There’s a thin line between wanting your children to be safely quarantined against the harsh world and wanting them to be prepared to hold their own in a landscape that is shifting, and increasingly for the worse. Someone said “MF’er” in front of my children the other day, and I wanted to slap her 10 ways from Sunday.
How dare she expose my children to something so harsh, so incendiary, so soon! After all my time of saying “fudge biscuit,” “shnikey,” and “Jehosophat,” how could someone hand my children the very verbal weapons I was trying to keep from them at all costs?
But after holding my tongue, and thinking about it some more, I realized that it’s not such a bad thing for them to hear such words.
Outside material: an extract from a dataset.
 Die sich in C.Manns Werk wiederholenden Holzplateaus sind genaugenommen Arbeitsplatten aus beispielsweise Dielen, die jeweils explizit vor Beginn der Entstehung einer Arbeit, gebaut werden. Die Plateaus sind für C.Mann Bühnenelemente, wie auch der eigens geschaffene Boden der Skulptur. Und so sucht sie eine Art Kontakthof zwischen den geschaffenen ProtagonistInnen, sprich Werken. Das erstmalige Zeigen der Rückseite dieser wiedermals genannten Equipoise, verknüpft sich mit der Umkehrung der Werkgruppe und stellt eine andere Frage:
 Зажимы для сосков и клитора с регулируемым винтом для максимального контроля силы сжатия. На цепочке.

It’s the context that those words are in that is important, because then it becomes a teachable moment instead of something full of chagrin.
Pretending that this woman didn’t say what she said would have been foolish because kids pick up things even if they don’t talk about them. The key is to talk about it in the moment. So, five minutes after the incident, I sat my oldest down and talked to her about bad words, about why people say them, and about how we shouldn’t say them. It turns out she had heard what the woman said earlier. She just hadn’t mentioned it.
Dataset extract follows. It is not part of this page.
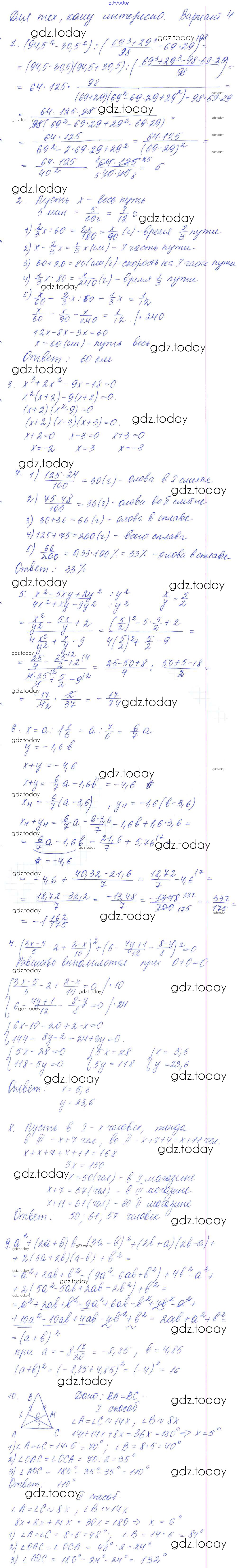 Ответы к Для тех, кому интересно (решение) Вариант 4 Дидактическим материалам по Алгебре для 7 класса Звавич, Дьяконова Экзамен УМК 2018

That’s the glory of having children, honestly. They take in so much more than they let on, hording everything until such a moment when they deem it worthy to share. Most of the time the moments they choose are highly inappropriate. So why not take those times that fall into our lap, instead of wincing and hoping they didn’t hear, to educate them on the words we should use and the ones we should avoid?
My mother was all for leaving it alone, for pretending it never happened, and as I got older I faulted her for this. I knew the whole cadre of words, but I never said them. I held them all inside, until I became a teenager, and I got a few friends. That’s when they call came tumbling out, and at the worst times. That’s how I know it happens. I know what she thought, that she was shielding me from the harshness of the world, and I am grateful for her motives, but the world gets in anyway.
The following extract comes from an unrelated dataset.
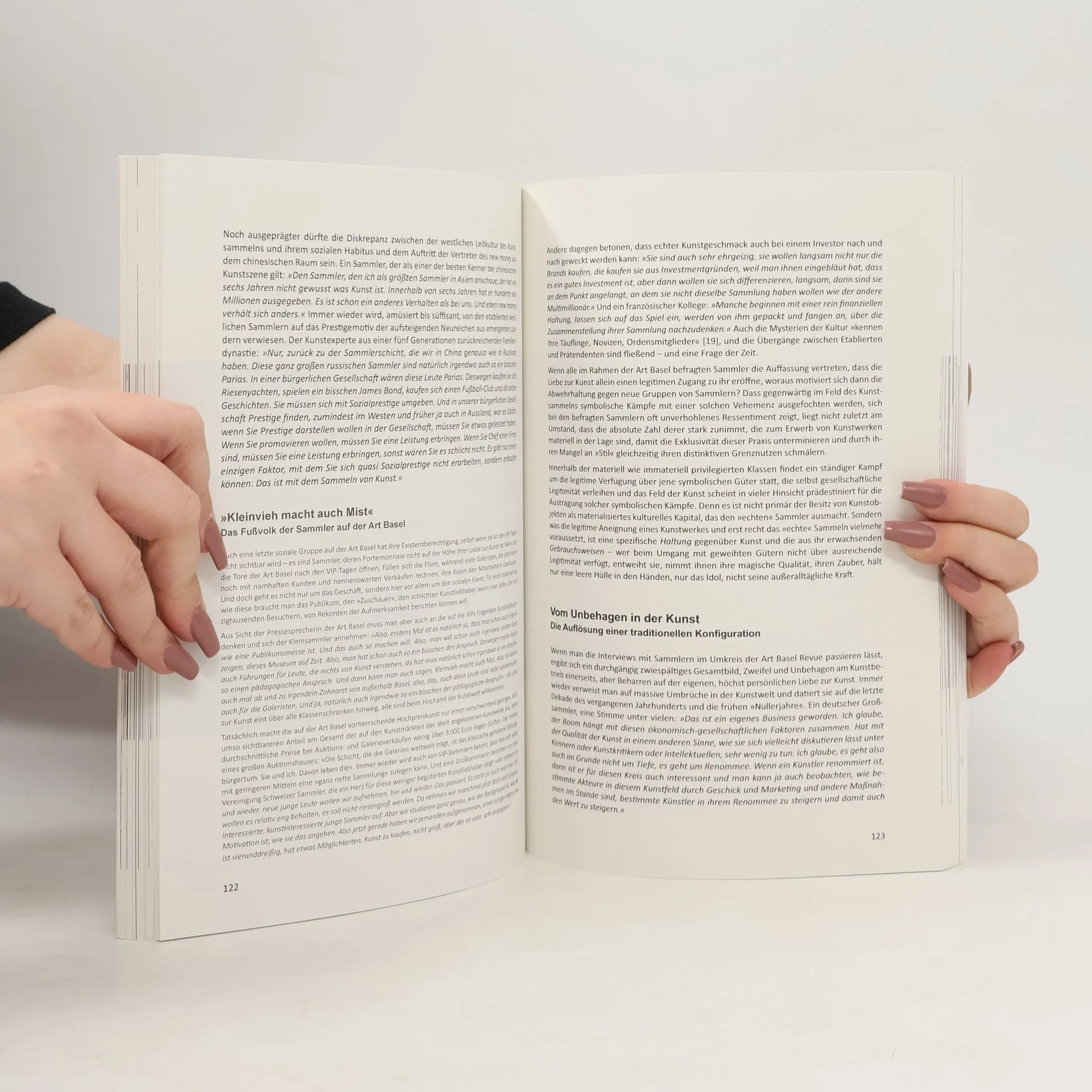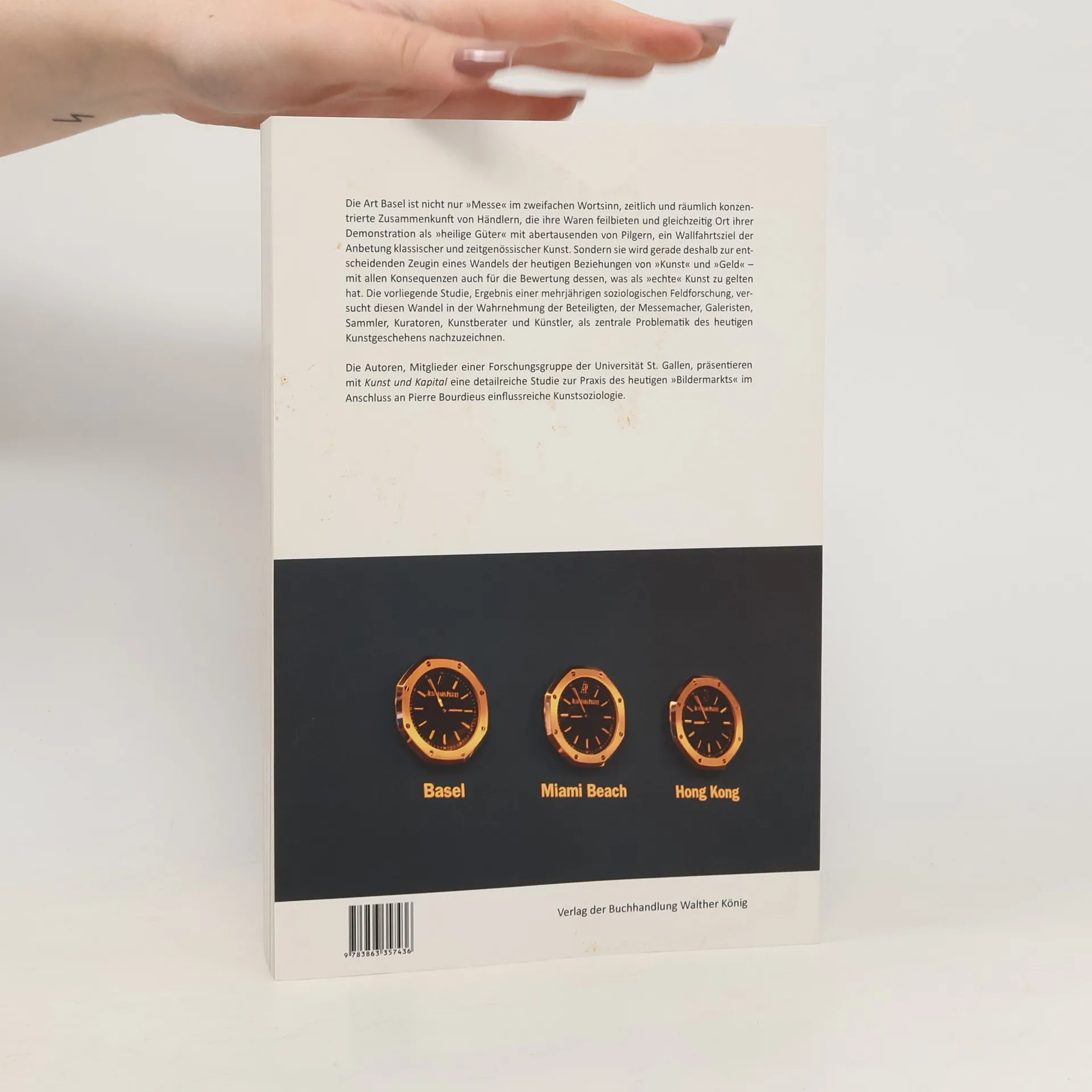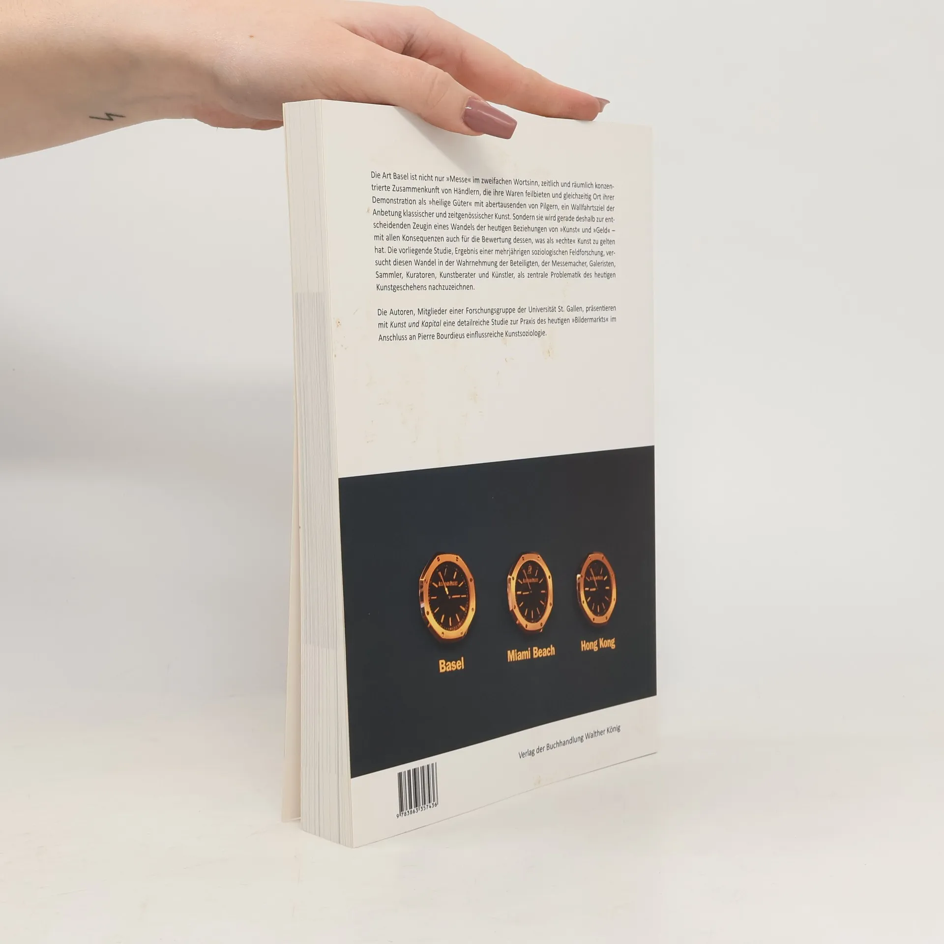Die Art Basel ist nicht nur 'Messe' im zweifachen Wortsinn, zeitlich und räumlich konzentrierte Zusammenkunft von Händlern, die ihre Waren feilbieten und gleichzeitig Ort ihrer Demonstration als 'heilige‹ Güter' mit abertausenden von Pilgern, ein Wallfahrtsziel der Anbetung klassischer und zeitgenössischer Kunst. Sondern sie wird gerade deshalb zur entscheidenden Zeugin eines Wandels der heutigen Beziehungen von 'Kunst' und 'Geld' – mit allen Konsequenzen auch für die Bewertung dessen, was als 'echte' Kunst zu gelten hat. Die vorliegende Studie, Ergebnis einer mehrjährigen 'ethnographischen' Feldforschung, versucht diesen Wandel in der Wahrnehmung der Beteiligten – Messemacher, Galeristen, Sammler, Kuratoren, Kunstberater und Künstler – detailliert nachzuzeichnen.

And maybe it’s just the world we live in nowadays too, the widespread belief that anyone should be able to say anything to anyone at any time without fear of reprisal. Perhaps it’s the me-first mentality that permeates our nation and our world. Or it could just be the parents who swear at their children every single day, who see nothing wrong with using that language. Whatever it is, though, our kids are exposed more than we were growing up, so there are more moments to be there for them, to explain why those words are wrong to say, to teach them how to stay on this side of that thin line.
Or we could simply go with our baser instincts and slap that woman 10 ways from Sunday. That’s still an appealing choice to me even though I know it’s wrong. I blame the world we live in.